Back in my days of HO modelling it was easy to take a plastic kit or model, slice it up into the bits you needed with a razor saw and miter box, and clean it all up with a true sander, and make up the model you wanted. 

But what is the best way to get good precision cuts on large scale models? I have a few I need to take from a molded box to flat bits, and some to move and re-position some windows within walls...

THANKS!


----------



## Ray Dunakin (Jan 6, 2008)

For large scale models I recommend a Milwaukee Sawzall.  

Seriously, I've heard of people running models through a bandsaw. For instance, to splice a passenger coach to make longer, or wider. 

I don't have anything like that myself, so I don't know yet what I'll do when I come to something that can't be done with a razor saw.


----------



## vsmith (Jan 2, 2008)

For me, Razorsaw...good eye, carefull alignment, slow cutting and patience, lots and lots of patience. and always double checking alignment. 

One good way is to use masking tape along the cut line so you can make a clean cut.
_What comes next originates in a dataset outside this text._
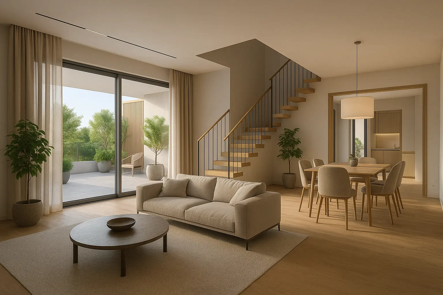 Η μεζονέτα διαθέτει μεγάλες βεράντες σε κάθε επίπεδο, με όμορφη θέα και ιδιωτικότητα. Η τοποθέτηση του ακινήτου επιτρέπει ανεμπόδιστη έκθεση στο φυσικό φως και δημιουργεί μια καθημερινή εμπειρία ελευθερίας. Οι εξωτερικοί χώροι είναι κατάλληλοι για υπαίθριο καθιστικό ή τραπεζαρία.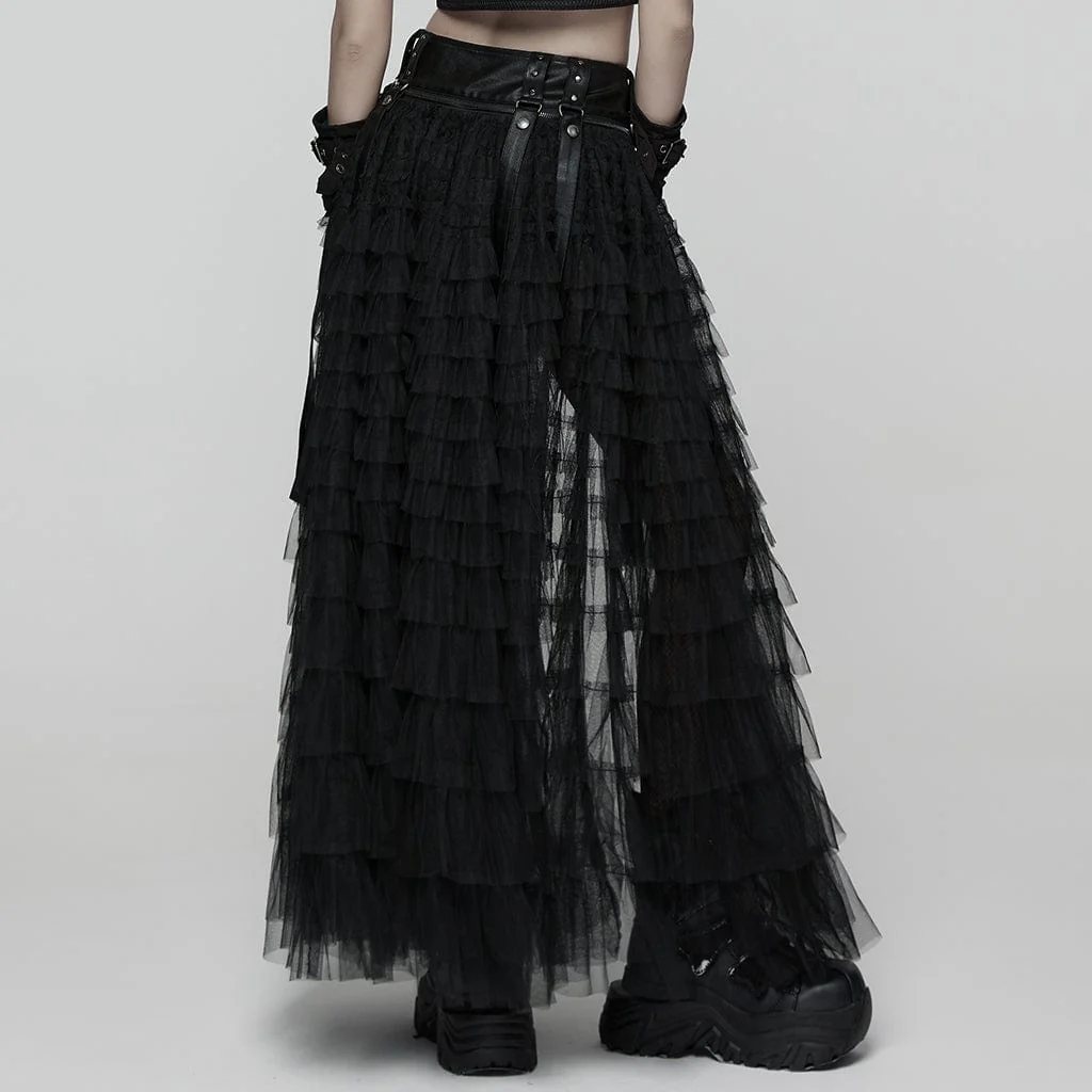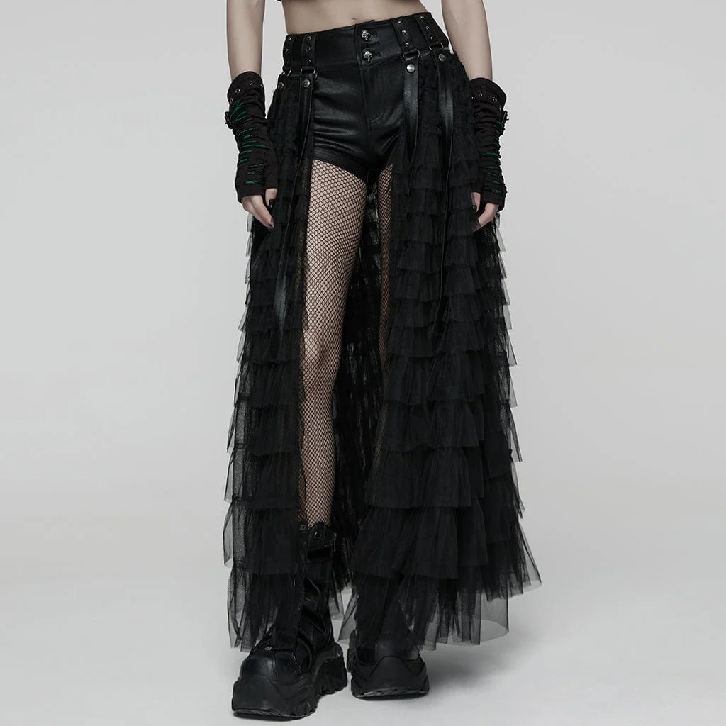 L’orlo staccabile della gonna lunga in rete è collegato agli shorts tramite zip. Il contrasto tra la leggerezza della rete e lo stile robusto è massimizzato. Grazie alla caratteristica “monopezzo, multiuso”, crea un look punk di grande impatto, nascondendo la ribellione nella struttura mutevole.

That and a tube of Squadron putty handy after you reglue it all back together.


----------



## Mik (Jan 2, 2008)

A dremel with a saw disc (real saw, not an abrasive cut off disc, they melt as much as cut) and milling cutters for funny shapes. BTW yes, from what I can tell, Bondo spot putty from the auto store is at least as good as Squadron, and a LOT cheaper.


----------



## W3NZL (Jan 2, 2008)

I think U'll find a bandsaw very handy in LS, and don't throw away Ur razorsaw either, they come in 
very handy in LS model-making as well...
Paul R...


----------



## tacfoley (Jan 3, 2008)

Posted By Spule 4 on 03/01/2009 7:17 PM
All: Back in my days of HO modelling it was easy to take a plastic kit or model, slice it up into the bits you needed with a razor saw and miter box, and clean it all up with a true sander, and make up the model you wanted. 
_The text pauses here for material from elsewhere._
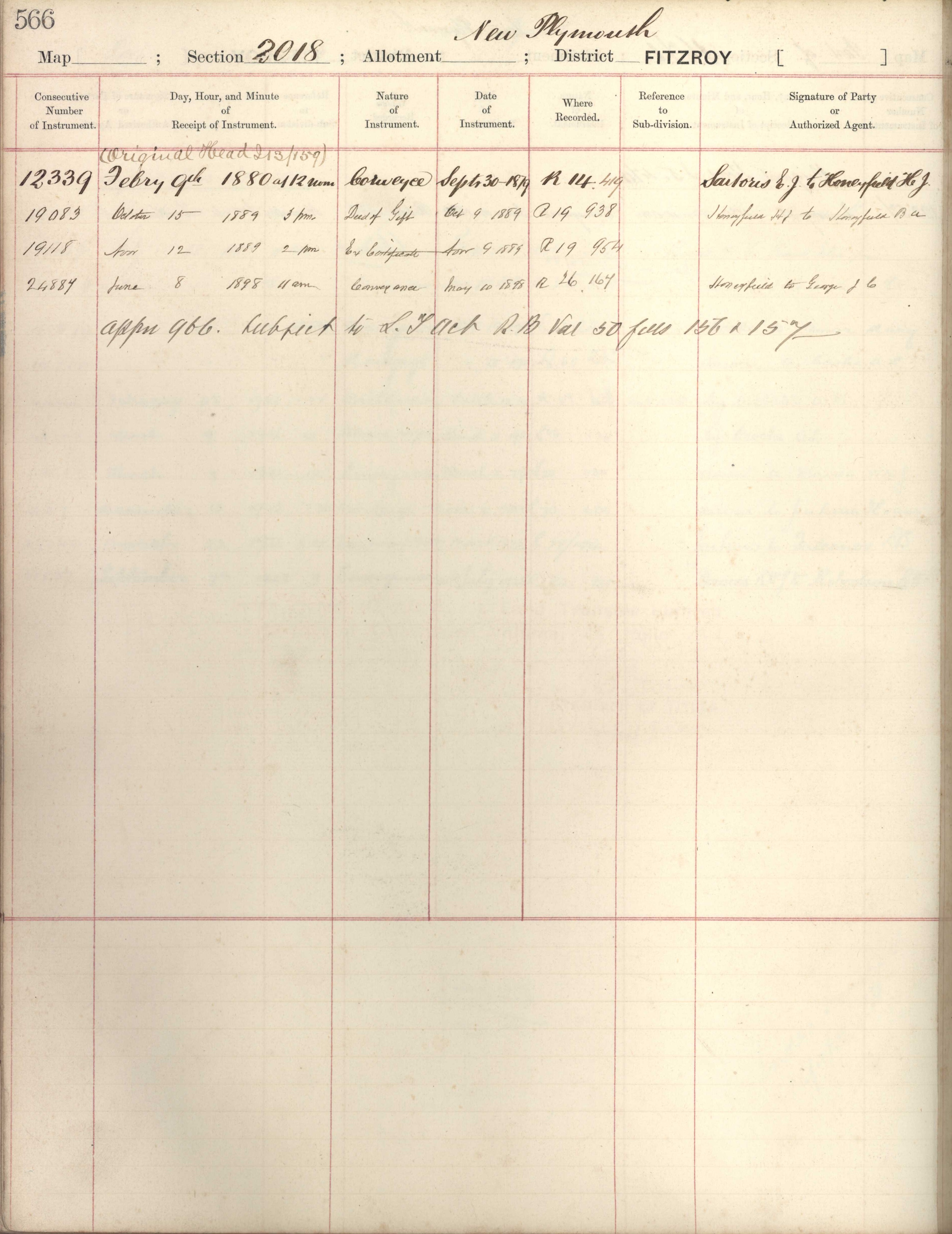 Town Section 2018, Taranaki Land Deed Index I5 Page 566. (Archives New Zealand)

But what is the best way to get good precision cuts on large scale models? I have a few I need to take from a molded box to flat bits, and some to move and re-position some windows within walls...

THANKS!




If you search back a ways, you'll find an excellent article by our maven, Marty Cozad, on making a E8-B unit by chopping and scratch-building. The thread had some great pics showing just how he used a razor saw and a great amount of chutzpah to hack a perfectly good and expensive loco to bits, and put it back together in another form.

tac
www.ovgrs.org


----------



## david bunn (Jan 4, 2008)

Razor saw every time, nice very thin straight cuts, sometimes use a coping saw with a fine blade also. 
Bunny


----------



## Torby (Jan 2, 2008)

It's amazing what you can do with your familiar tools. I use my Zona saw a lot.


----------



## Pete Thornton (Jan 2, 2008)

I use a razor saw a lot on plastic, but I had some success making long straight cuts on a modellers table saw (Micromark) using a fine tooth blade and a motor speed control to slow the blade. In all cases you want to avoid melting the plastic - I never had any success with a Dremel rotary for that reason. 
A tall fence and a steady hand are prerequisites...


----------



## Spule 4 (Jan 2, 2008)

Thanks for the tips everyone!


----------



## DSP&P fan (Apr 9, 2008)

I have found that my small scale technique of a metal straight edge and a #11 blade works for plastic 1mm thick. It is also fine for starting a line in 2mm styrene, but seems to take forever to cut.

For curves, consider a Jeweler's saw. They work fine with styrene, wood, and brass. I think mine ran $13 at my LHS.

I have only dabbled in large scale, but I've started building a South Park mogul and so have been learning about large scale techniques both from reading about the fine work here and adapting my O scale methods.


----------